Many of the more common labs perform these tests ( Labcorp, Quest )
The first three tests are often given, but not repeated often enough (testing and setting base line and then re-testing and comparing, can validate or deny the efficacy of the protocols). The rest, which are of equal importance, are often not done at all.  A big problem in chemo is developing clots, which can kill a patient. Those extra tests can help to determine who is at risk to develop a clot from the chemo. Testing (setting base line) and then re-testing, can validate or deny the efficacy of the protocols. Part of cancer’s strategy is also to thicken blood, giving it more growth factors and a favorable environment in which to grow collateral veinous structures (angiogenesis) in order to get more glucose and oxygen into the cancer cell. Cancer patients with insulin resistance or diabetes (very common) who are inclined to clotting because of the nature of this pre existing disorder are at even greater risk.
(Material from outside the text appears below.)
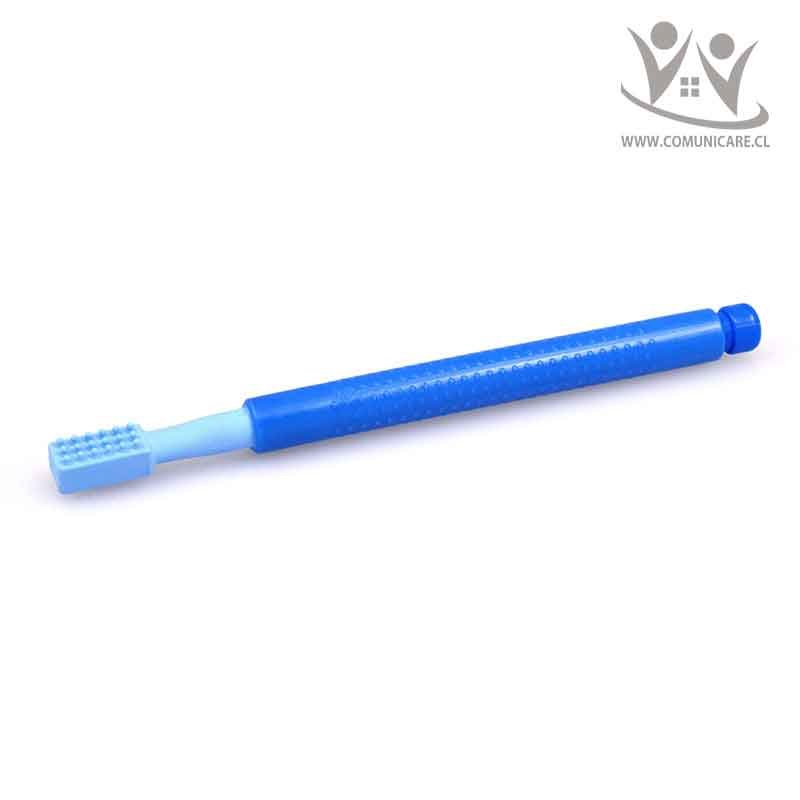 Este producto cuenta con un diseño innovador y liviano: posee una textura de bolitas para un agarre antideslizante, que a su vez puede ser usada a lo largo de las mejillas, los brazos y las manos. Cuenta con varios accesorios que pueden intercambiarse utilizando el mismo mango: cucharas lisas, con texturas, puntas de animalitos, cepillo tubular o con diferentes texturas en sus caras, entre otros útiles y divertidos accesorios.
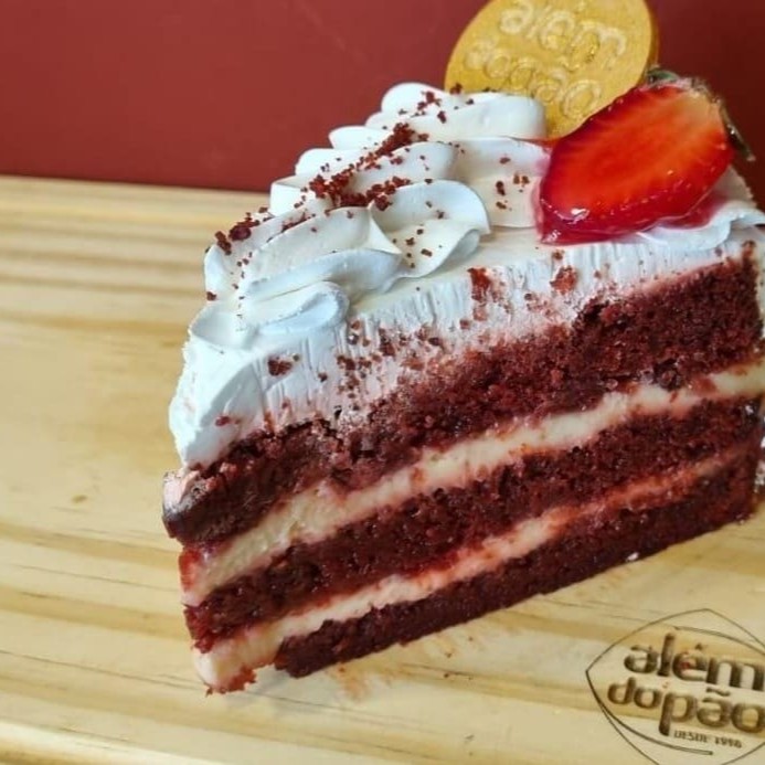 A combinação perfeita entre o sabor macio e delicado do bolo Red Velvet e a frescura do morango! Nossa fatia de bolo Red Velvet é super fofinha, com um toque levemente achocolatado e uma cobertura suave e cremosa, finalizada com um morango fresquinho e suculento. Uma sobremesa incrível, que traz equilíbrio e sofisticação a cada pedaço. Ideal para quem adora um doce delicioso e cheio de charme!

We are not connecting these dots well in contemporary chemo oncology.

TUMOR ANALYSIS:  MOLECULAR PROFILING:  BIOMARKER ANALYSIS: ( Target Now, Response Genetics )
These tests can determine which growth factors are active, if receptors are amplified and genetic mutations of this particular cancer in this particular person. This information can reveal the supportive mechanisms the cancer is using to resist the drugs. Again this can have major impact on determining protocol.

These tests and the type of information they yield are critical in the area of which drug goes to who. Without this type of work as part of diagnostic evaluation a lot has to be done in the dark. What I have laid out is an abridged version of the type of investigative work that could be done and what I believe is part of the path to a much better result with chemo.